■ EXERCISE GOAL
All lines from the one containing "Jan Leslie Round" down to the one containing "5:等到没有噼里啪啦的声音的时候,打开锅盖,倒出爆米花晾晾。", both ends included, are to be given again exactly; omit the rest of the listing below.

■ SOURCE DATA
________
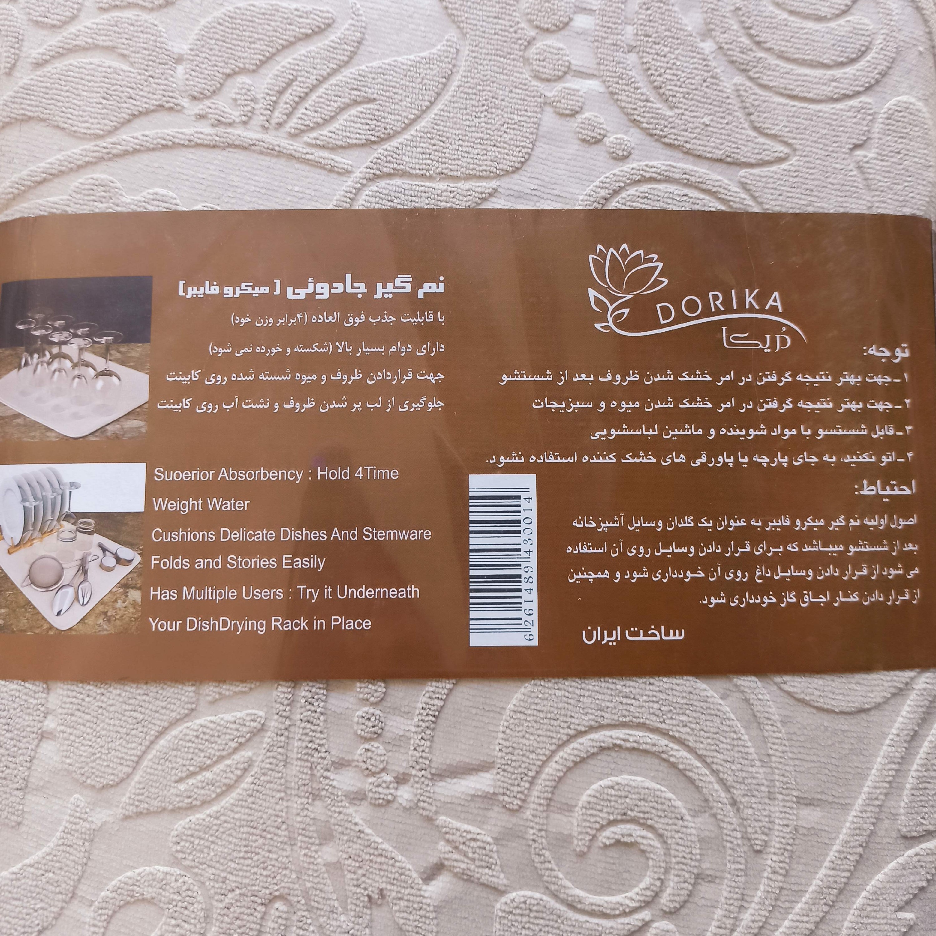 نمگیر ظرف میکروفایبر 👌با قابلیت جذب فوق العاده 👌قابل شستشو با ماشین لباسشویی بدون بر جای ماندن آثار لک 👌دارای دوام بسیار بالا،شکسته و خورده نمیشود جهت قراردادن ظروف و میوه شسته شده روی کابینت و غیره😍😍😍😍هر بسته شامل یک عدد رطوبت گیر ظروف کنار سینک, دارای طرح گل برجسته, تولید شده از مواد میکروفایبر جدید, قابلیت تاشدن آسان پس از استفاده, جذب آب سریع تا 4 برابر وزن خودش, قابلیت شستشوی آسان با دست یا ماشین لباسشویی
________
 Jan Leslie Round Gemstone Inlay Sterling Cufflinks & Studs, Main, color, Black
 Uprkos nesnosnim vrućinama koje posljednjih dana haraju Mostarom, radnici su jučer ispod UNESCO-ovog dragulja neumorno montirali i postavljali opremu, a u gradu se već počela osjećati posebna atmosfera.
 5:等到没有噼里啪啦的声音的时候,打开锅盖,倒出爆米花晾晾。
________
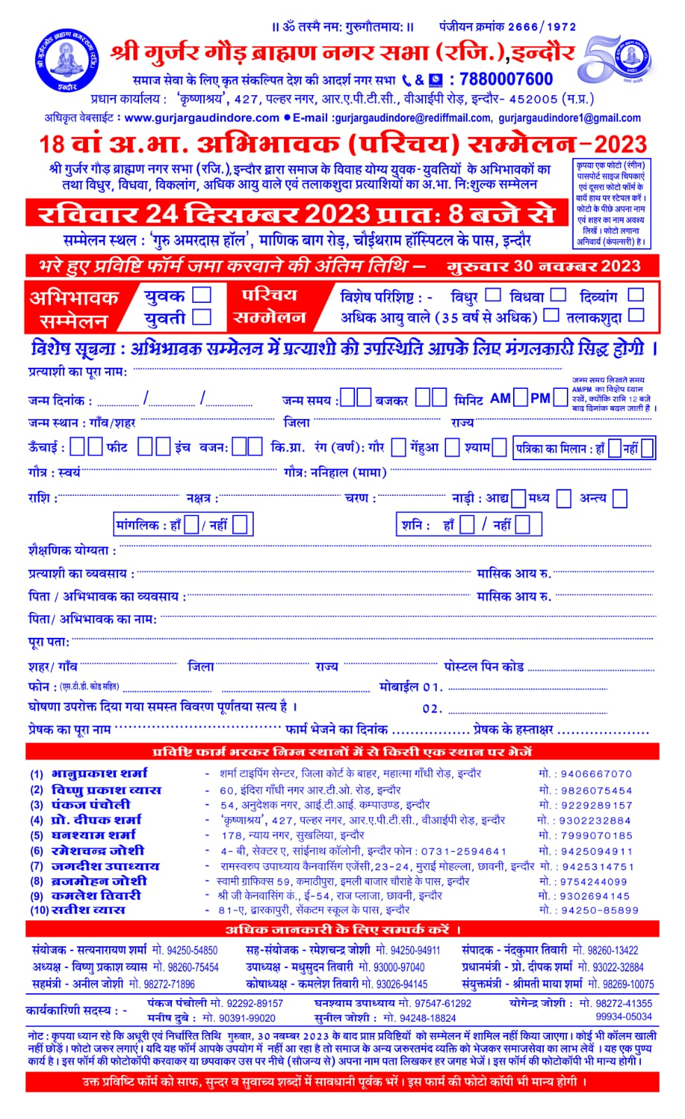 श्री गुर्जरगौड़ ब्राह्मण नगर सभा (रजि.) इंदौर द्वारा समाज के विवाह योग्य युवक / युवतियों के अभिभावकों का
________
■ EXERCISE RESPONSE
 Jan Leslie Round Gemstone Inlay Sterling Cufflinks & Studs, Main, color, Black
 Uprkos nesnosnim vrućinama koje posljednjih dana haraju Mostarom, radnici su jučer ispod UNESCO-ovog dragulja neumorno montirali i postavljali opremu, a u gradu se već počela osjećati posebna atmosfera.
 5:等到没有噼里啪啦的声音的时候,打开锅盖,倒出爆米花晾晾。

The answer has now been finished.